The New Vacuum Solar Telescope (NVST) is a 1-meter vacuum solar telescope that aims to observe the fine structures of active regions on the Sun. The main tasks of the NVST are high resolution imaging and spectral observations, including the measurements of the solar magnetic field. The NVST has been collecting more than 20 million FITS files since it began routine observations in 2012 and produces maximum observational records of 120 thousand files in a day. Given the large amount of files, the effective archiving and retrieval of files becomes a critical and urgent problem. In this study, we implement a new data archiving system for the NVST based on the Fastbit Not Only Structured Query Language (NoSQL) database. Comparing to the relational database (i.e., MySQL; My Structured Query Language), the Fastbit database manifests distinctive advantages on indexing and querying performance. In a large scale database of 40 million records, the multi-field combined query response time of Fastbit database is about 15 times faster and fully meets the requirements of the NVST. Our slestudy brings a new idea for massive astronomical data archiving and would contribute to the design of data management systems for other astronomical telescopes.

Keywords

1. INTRODUCTION

The New Vacuum Solar Telescope (NVST) is a 1-meter vacuum solar telescope which is located at the north-east side of Fuxian Lake, a world-class observational site in Yunnan province of China. The main tasks of the NVST are high resolution imaging and spectral observations in visible and near infrared bands, including measurements of the solar magnetic field (Liu & Xu 2011; Liu et al. 2014).

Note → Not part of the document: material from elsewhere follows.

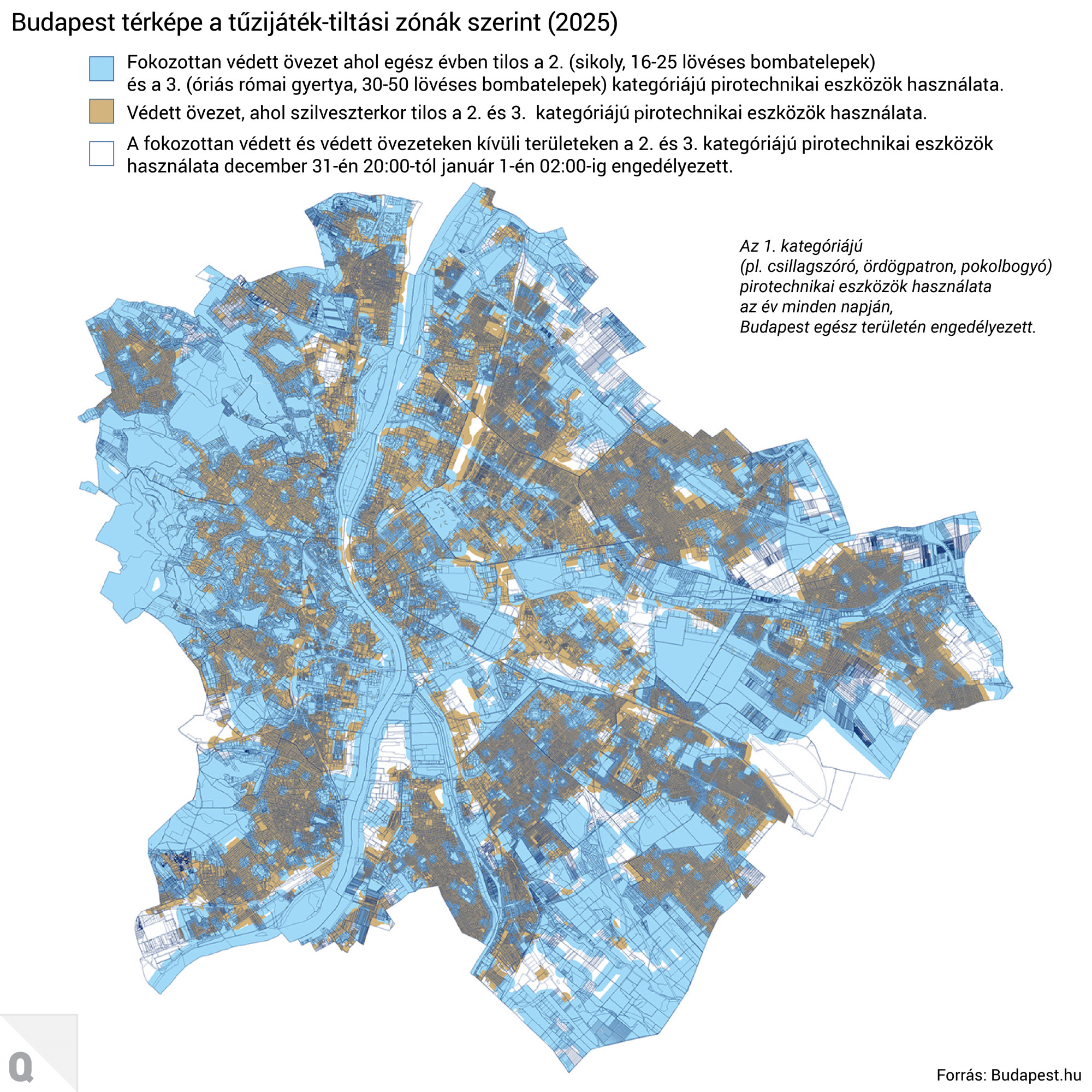 A fokozottan védett és védett övezeteken kívüli területeken (fehér színnel jelölve) a 2. és 3. kategóriájú pirotechnikai eszközök használata december 31-én este 8-tól január 1-én hajnali 2 óráig engedélyezett.

As a modern optical telescope, NVST has been producing massive data of 20 million observation files since it began routine observation in 2012. The average number of records in one year is about 10 to 12 millions. Such massive data are produced by a variety of instruments on the NVST. The NVST has a multichannel high resolution imaging system, one chromosphere channel and two photosphere channels. The fine structures of active regions and their evolutions in the photosphere and the chromosphere can be observed at the same time. The NVST also has two multi-band spectrometers, a medium-dispersion multi-band spectrometer in optical bands and a high-dispersion multiband spectrometer in the near infrared.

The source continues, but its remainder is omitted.